300 REFINERY WORKER LAYOFFS MAY BE JUST A START

Feb. 1, 2003 – Anxiety is running high at Hovensa nowadays, according to several employees of the St. Croix refinery, with personnel at all levels fearing the worst — mass layoffs.
Those fears became reality Friday, as the company announced plans to cut costs drastically in the face of two months of political and labor unrest in Venezuela that has decimated oil shipments to the refinery.
About 300 employees of Hovensa contractors were let go Friday, and there is talk of more cutbacks ahead in the coming weeks. Carmelo Rivera, spokesman for one of the contractors, Turner St. Croix Maintenance, said 50 of its 438 employees were laid off Friday from various fields.
Narrowing down the roster of workers was hard, Rivera said. "Across the board, every area was affected, from office staff to pipefitters," he said, adding that workers were evaluated on various factors including job performance and skills.
Hovensa is a joint venture of Amerada Hess, parent company of Hess Oil Virgin Islands Corp., and Petroleos de Venezuela, the huge state-owned company of that oil-rich but politically paralyzed South American nation. The state company, commonly known by its acronym PDVSA, has been Hovensa's major supplier of crude oil. Now, drawing on other suppliers in a world market also anxiety-ridden over threats of war against Iraq, Hovensa is operating with about one-fourth its usual supplies of oil.
Unemployment on St. Croix has been in double digits for many months, with little prospect of an immediate turn-around given the national economic turndown and threat of war in the Middle East.
Alexander A. Moorhead, Hovensa vice president for government affairs and community relations, said on Friday that the company will do its best to tighten its purse strings and get through the slump. "We'll reduce expenses as much as possible and maintain a safe operation, while preserving the maximum yield on every barrel of oil we process," he told Isle 95 radio.
Hovensa was formed three years ago to facilitate the securing of funds for a $600 million coker facility, which began operation last summer, enabling the refinery to produce fuels from heavier, less-costly crude oil, mainly from Venezuela. The two-year construction phase was an employment boon for the island, as was a major overhaul of the refinery's catalytic cracker unit last year.

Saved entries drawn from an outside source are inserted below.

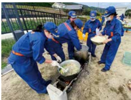
かまどベンチを使用して炊き出し訓練を行う団員ら

南あわじ市消防団なでしこ分団の団員らが10月31日、賀集八幡防災公園で炊き出し訓練を行いました。
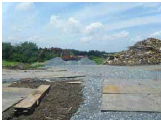
仮置場搬入路に敷設された砂利・鋼板 (宮城県松島町)

【取組】 宮城県松島町では、仮置場の搬入路に鉄板や砂利などを敷くことにより乾燥時における粉じんの飛散を防止する取組がなされています。また、宮城県七ヶ浜町では、砕いた屋根瓦を仮置場敷地内に敷設して同様の効果を得ています。
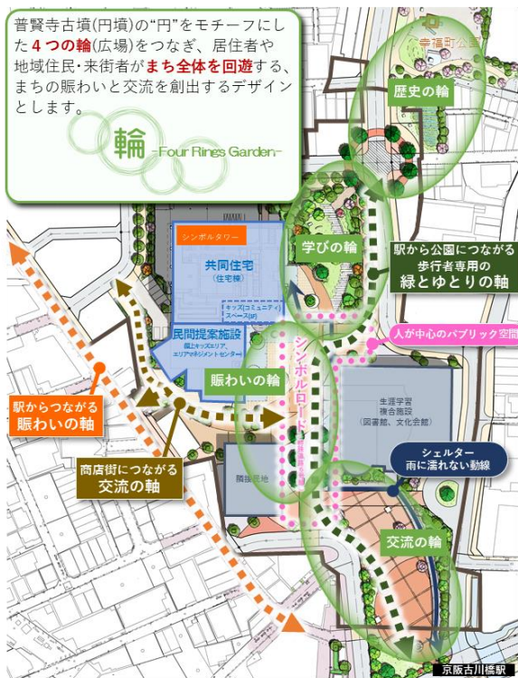
■ゾーニング・施設配置・動線計画
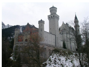
Foto 1 Castello di Neuschwanstein
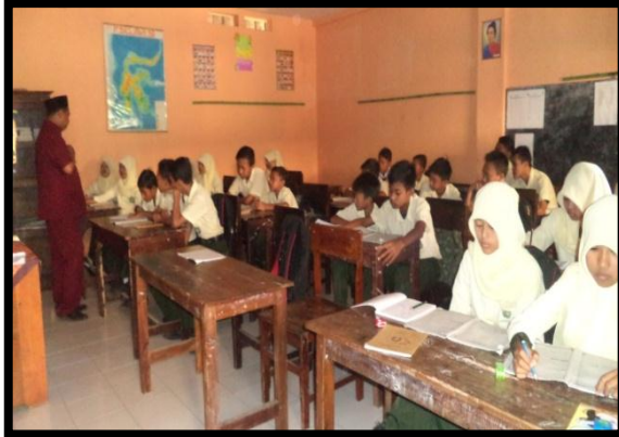
الصورة ٥. في التاريخ ١٠ أغسطس ٢٠١٦ استخدام الغناء في تعليم اللغة العربية
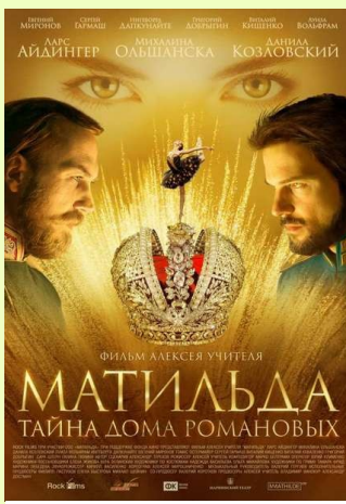
Mathilde filminin afişi

“II. Nikola'nın evlilik öncesi sevgilisi neden bu kadar olaya neden oluyor?”
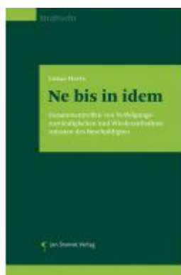
Ne bis in idem Ladenpreis: 74,00 EUR
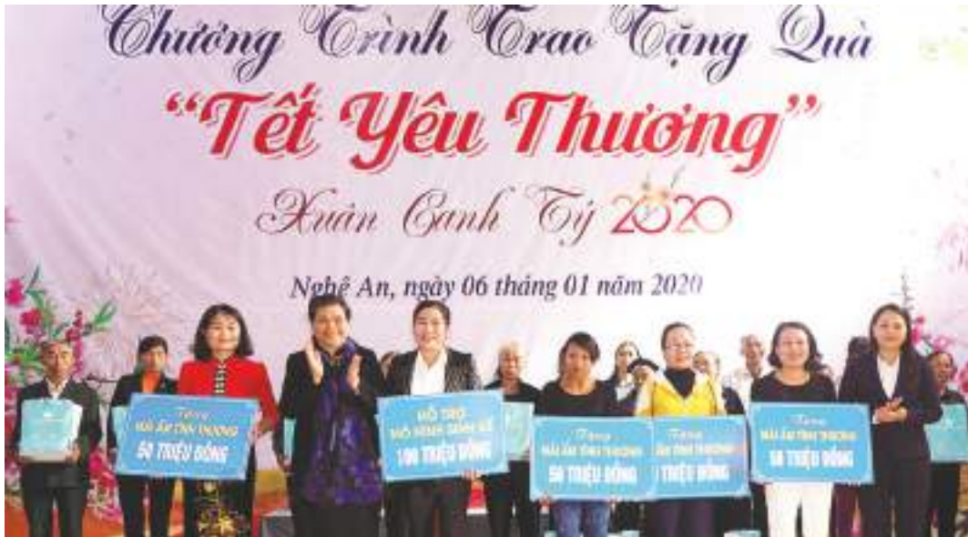
Đồng chí Tổng Thị Phóng, Ủy viên Bộ Chính trị, Phó Chủ tịch Thường trực Quốc hội tặng quà “Tết yêu thương” Xuân Canh Tý 2020 do Hội LHPN Việt Nam tổ chức
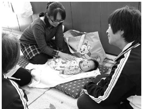
▶子育ての悩みもさまざま

ボランティアの方によるエステや全身マッサージで、日頃の疲れを癒してもらいました。子供たちは、フラダンスを踊ったり、会場を元気に走り回り、多くの笑顔が見られました。 また、子育て相談会や情報交換会も行い、参加者同士で子育ての悩みなどを話し合いました。

On the boards at the refinery is another major upgrade, a $600 million project to bring the refinery into compliance with U.S. Environmental Protection Agency guidelines for emissions. The new federal regulations take effect in 2007. The work was scheduled to start next summer.
Hovensa has now announced that it will put off the project for the time being.
Last September and October, St. Croix recorded the highest jobless rate at any time in the eight years for which statistics were provided by the V.I. Labor Department — 12 percent. Hovensa and its subcontractors are the bedrock of the island's private-sector employment.
Rivera said the feeling is tense and frustrating at the refinery. "There's some degree of helplessness," he said. "We can't control business trends in other places in a global economy."